## What needs to be done:
Please reproduce the listing in its entirety, exactly as written, but without images.

## Source data:
::::::::::

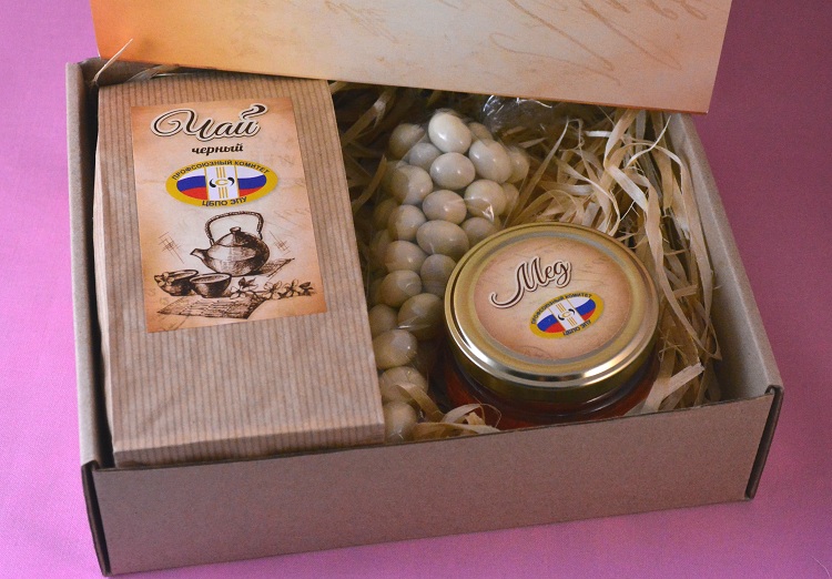Almost universal choice can be sweet gifts; logos or short greetings are often put on them. Not necessarily limited to chocolate - gingerbread will be no worse. A good idea deservedly consider grocery sets. They are placed in the usual cardboard boxes, and in boxes made of wood or plywood.
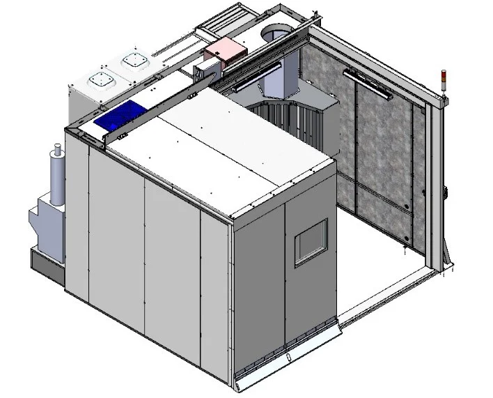 Размеры, цвет и общая планировка камеры подбираются индивидуально по требованиям Заказчика. Каждая кабина оснащается воздухозаборником с соответствующей пропускной способностью и шумоглушителем. Кабина может быть оборудована одностворчатой/двустворчатой навесной дверью или L-образной механизированной дверью для облегчения загрузки деталей с помощью мостового крана. Все двери имеют соответствующие уплотнения для обеспечения низкого уровня шумовыделения.
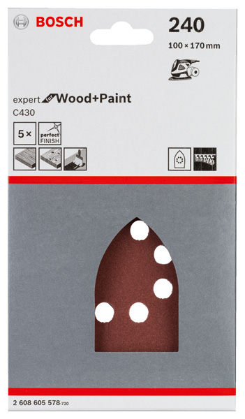 Bosch Schleifblatt C430, 100 x 170 mm, 60, 8 Löcher, Klett, 5er-Pack

::::::::::

## Written solution:
Almost universal choice can be sweet gifts; logos or short greetings are often put on them. Not necessarily limited to chocolate - gingerbread will be no worse. A good idea deservedly consider grocery sets. They are placed in the usual cardboard boxes, and in boxes made of wood or plywood.
 Размеры, цвет и общая планировка камеры подбираются индивидуально по требованиям Заказчика. Каждая кабина оснащается воздухозаборником с соответствующей пропускной способностью и шумоглушителем. Кабина может быть оборудована одностворчатой/двустворчатой навесной дверью или L-образной механизированной дверью для облегчения загрузки деталей с помощью мостового крана. Все двери имеют соответствующие уплотнения для обеспечения низкого уровня шумовыделения.
 Bosch Schleifblatt C430, 100 x 170 mm, 60, 8 Löcher, Klett, 5er-Pack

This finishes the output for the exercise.